|
Engineering design is an information
intensive activity. It is reported that designers spent in excess of 50%
of their time in handling, e.g., retrieving, organizing, etc.,
information. Thus the efficiency and the quality of the design process
depend considerably on how well designers are able to handle large amounts
of information. Design information management has received increasing
attention in recent years as a result of these findings and the
recognition that lacking or missing key design information may lead to
sub-optimal decision-making and design. Much of the research has focused
on the capture, storage, indexing and presentation of design information;
less work has been done on information retrieval based on an understanding
of individual designers, their experience, their skills and the ways in
which they use information in the context of their design task. Further,
most design information retrieval systems base the context of the
designer's information needs on a short phrase or query. This is a severe
limitation given the situational and context-dependent nature of design
information.
This research focuses on retrieving design
information that satisfies designer's specific information needs
efficiently and effectively. The key of it lies in the acquisition,
representation and utilization of human-like knowledge about information
needs. In other word, how could we make people understood by computers and
how could we make computers a "real" assistant?
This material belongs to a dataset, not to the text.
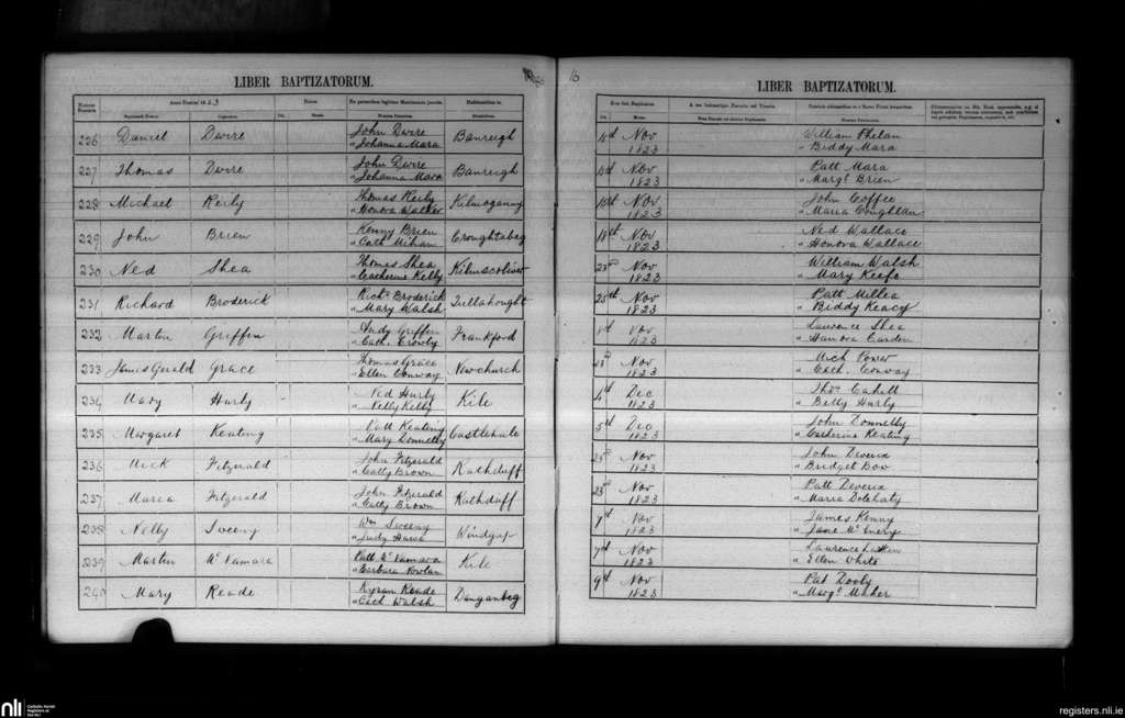Windgap; County of Kilkenny; Diocese of Ossory. Baptisms, Nov. 1823 to Dec. 1823
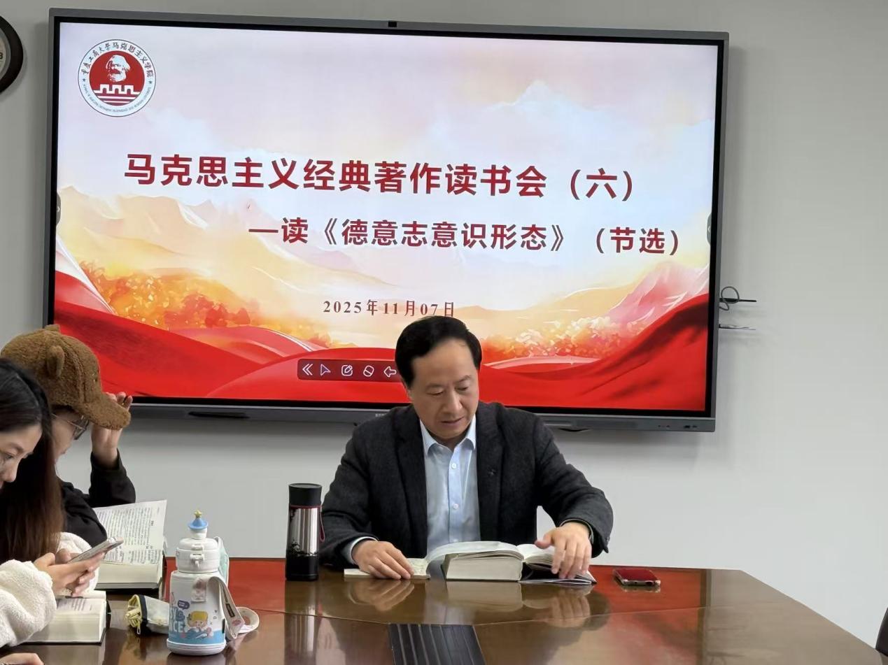 11月7日下午,马克思主义学院第六次经典著作读书会在慧智楼1210会议室开展。本次活动以《德意志意识形态(节选)》(第一章 费尔巴哈)为核心研读文本,由马克思主义学院教授邓龙奎主讲,马克思主义基本原理研究方向一、二年级研究生全员参与。读书会旨在深化青年学子对马克思主义经典著作的系统性理解,强化对马克思主义基本原理的精准把握,搭建高质量师生学术交流平台,引导青年在经典研读中坚定信仰、锤炼本领、勇担时代使命。

Traditionally, human-like
knowledge has relied primarily on explicit coding of symbolic facts into
computer data structures and algorithms. A serious limitation of this
approach is people's inability to access and express the vast reaches of
unconscious knowledge on which they rely. Designing a learning mechanism
to acquire human-like knowledge from the same source as human is
necessary. This research investigates particularly on how to
capture/discovery context knowledge in engineering design information
retrieval. The hypothesis is to discover and understand tacit and explicit
knowledge about designers and their activities in information seeking
through data mining usage logs and Latent Semantic Analysis (LSA).